Joe whirls around, his eyebrows raised in concern. “What did you see? What did he look like?”

“I s-saw him just for a second,” I stammer. “I’m almost positive he was male. He was standing under some trees. We saw each other and we both started running.”

“Running?” Joe asks. “When I left, you were sitting in your van.”

“I got out just for a second,” I say in a small voice. “I wanted to look at the statue.” Joe is quiet; his stormy expression says it all. “I just can’t get past the thought that two mothers with small children were found dead beneath the same statue that happens to be a statue of a mother with two children sitting at her feet.”

“You got out of your van, all by yourself, at the scene where a woman who was brutally murdered was found?” Joe stuffs his hands in his pockets and paces the hallway angrily. “Are you crazy? There’s a murderer out there.”

“I was perfectly safe,” I protest. “Whoever it was was just as afraid of me as I was of him.”

“Exactly.” Joe’s voice raises an octave and he forces it down to a low undertone. “Now the possible killer knows what you look like, what kind of car you drive. Worst of all, he knows that you saw him at the scene of the crime and could identify him.”

I don’t know how to respond. Joe is absolutely right—it was a stupid thing to do. I should apologize, but instead I raise my chin in false confidence and open the door to the conference room where Judith is waiting. “Mason will be here shortly, Judith. Can I get you anything while you wait?”

* * *

An hour later Martha and a dazed Mason, holding Joe’s repurposed hat under his arm, step into the conference room. His eyes scan the unfamiliar room and then land on his grandmother, who is waiting with hands clenched together in expectation. “Grandma!” he shouts joyfully as he shakes his hand free from Martha’s and runs to Judith’s now open arms.

“Mason, Mason,” she cries and with great effort pulls him up into her thin arms. “Thank God you’re okay,” she whispers tearfully as she buries her face in his dark hair.

“We’ll give you two a minute,” I say and lead Joe and Martha from the room.

“Happy ending,” Martha says once we are in the hallway.

“Yes,” I agree. “We’ll take those whenever we can.”

We are all silent with our own thoughts for a moment until Joe says abruptly, “Martha, tell me about Jonah Sharpe.” I look at Joe nonplussed, but he continues. “When’s the last time you saw him?”

“Let me think,” she says, tapping her chin trying to remember. “It was two weeks ago.
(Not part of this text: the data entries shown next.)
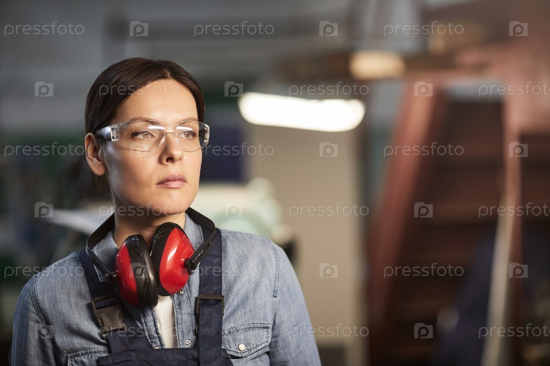 Вдумчивая привлекательная женщина средних лет в рабочей одежде и защитниках ушей, стоящая в темном магазине фабрики и размышляющая вокруг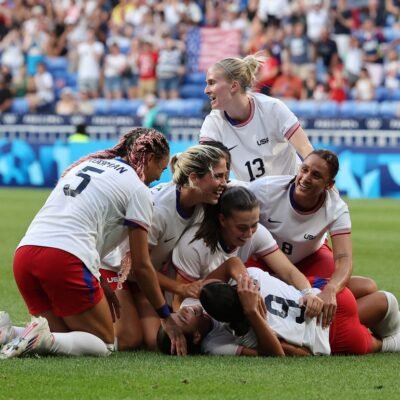 [US, Mexico & Canada customers only] Aug 6, 2024; Decines-Charpieu, France; Sophia Smith of the United States celebrates with teammates after scoring a goal against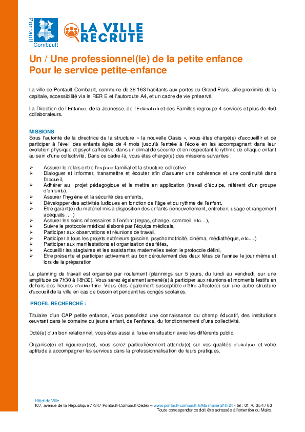 Vous pouvez répondre à une offre par mail à : recrutement@pontault-combault.fr

He stopped by the house for dinner. He does that once in a while.” Now her brow furrows in concern, “Why, is he in some kind of trouble? Both you and Ellen have asked me about Jonah. Do you think the murder of Jonah’s mother and Mason’s are connected?”

I’m about to explain the similarities between the murder case involving Jonah’s mother’s murder and the current one, but Joe gives me a warning look. “Just wondering,” he says casually. “His name comes up once in a while. Where’s he living now?”